■ Task requirements ■
For this exercise, write each entry below out precisely and omit the pictures.

■ Data for review ■
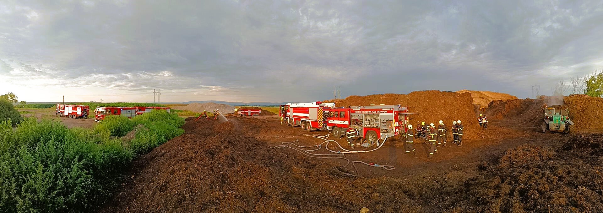 U Dívčic hoří skládka štěpky. (21. července 2025)
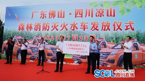 7月23日,广东佛山·四川凉山森林消防灭火水车发放仪式在西昌举行,佛山捐赠资金采购的100辆森林消防灭火水车发放到凉山州应急管理部门和各县(市)。
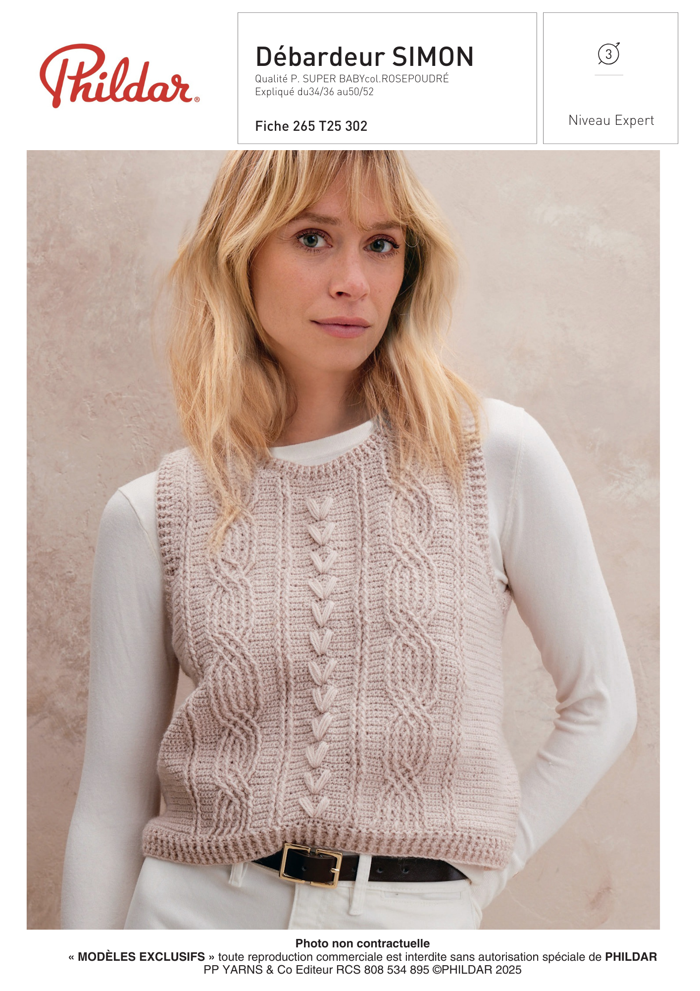 Élégant et travaillé, ce débardeur SIMON se crochète en P. SUPER BABY.
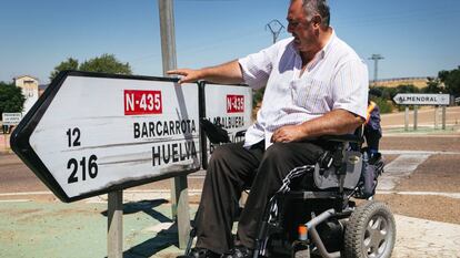 Rafael Fernández enciende su silla de ruedas eléctrica y atraviesa la N-435. De su accidente solo recuerda la imagen de la caja del camión que estaba pasando cuando hizo el stop. "Me contaron que salí despedido por la luna trasera", narra, como prólogo de los once meses que estuvo, tras despertar del coma, en el hospital de parapléjicos de Toledo. "Casi un año separado de mis hijos, luchando por sobrevivir", rememora, antes de exclamar con crudeza: "Y, 11 años después, este cruce sigue exáctamente igual que cuando me jodieron la vida".
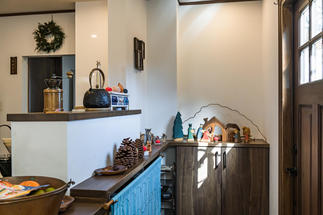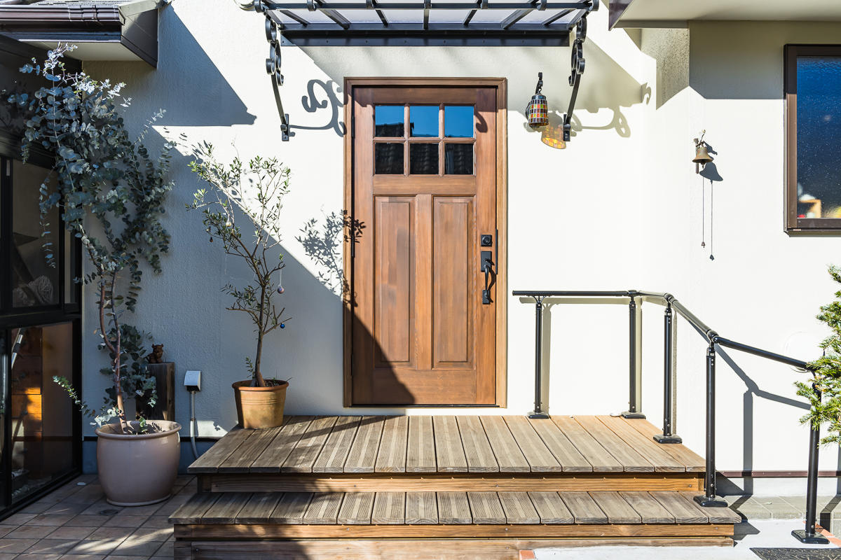お客様を迎える玄関ポーチはウッドデッキで、入口からアンティークな雰囲気をかもしだしています。
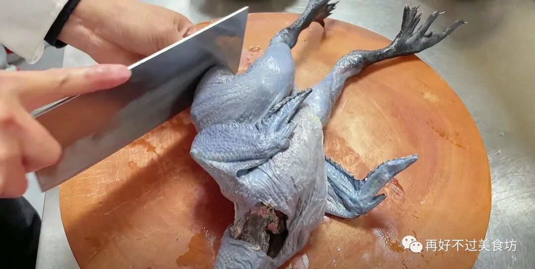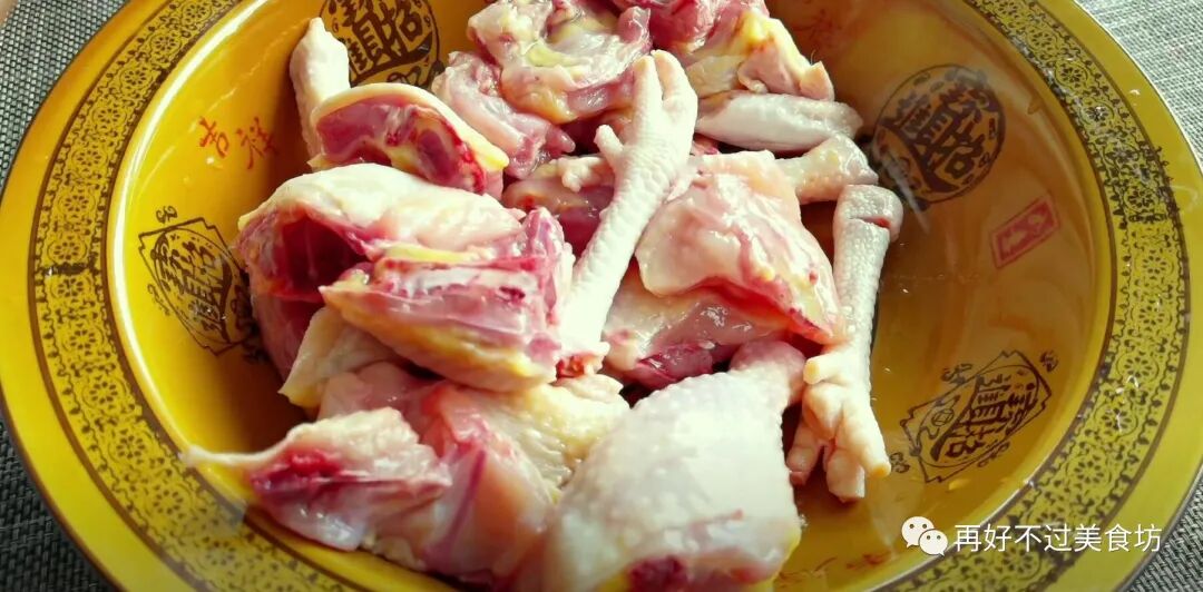 1、先用清水将这一只养了388天的老母鸡清洗干净,然后给它改刀,把爪子和翅膀切下来,再全部剁成小块放大碗里。
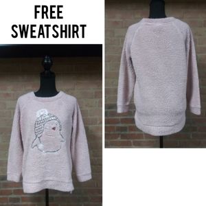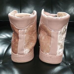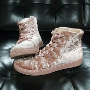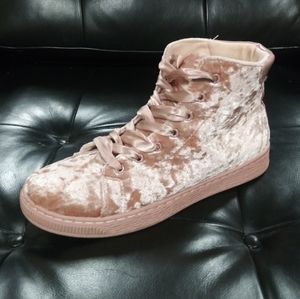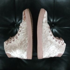 Women's powder pink velvet H/T sneakers with satin shoe strings & an accent glaze on the heels. Size: 10. Sweat shirt/ size: 8-10

■ Output below ■
 U Dívčic hoří skládka štěpky. (21. července 2025)
 7月23日,广东佛山·四川凉山森林消防灭火水车发放仪式在西昌举行,佛山捐赠资金采购的100辆森林消防灭火水车发放到凉山州应急管理部门和各县(市)。
 Élégant et travaillé, ce débardeur SIMON se crochète en P. SUPER BABY.
 Rafael Fernández enciende su silla de ruedas eléctrica y atraviesa la N-435. De su accidente solo recuerda la imagen de la caja del camión que estaba pasando cuando hizo el stop. "Me contaron que salí despedido por la luna trasera", narra, como prólogo de los once meses que estuvo, tras despertar del coma, en el hospital de parapléjicos de Toledo. "Casi un año separado de mis hijos, luchando por sobrevivir", rememora, antes de exclamar con crudeza: "Y, 11 años después, este cruce sigue exáctamente igual que cuando me jodieron la vida".
お客様を迎える玄関ポーチはウッドデッキで、入口からアンティークな雰囲気をかもしだしています。
 1、先用清水将这一只养了388天的老母鸡清洗干净,然后给它改刀,把爪子和翅膀切下来,再全部剁成小块放大碗里。
 Women's powder pink velvet H/T sneakers with satin shoe strings & an accent glaze on the heels. Size: 10. Sweat shirt/ size: 8-10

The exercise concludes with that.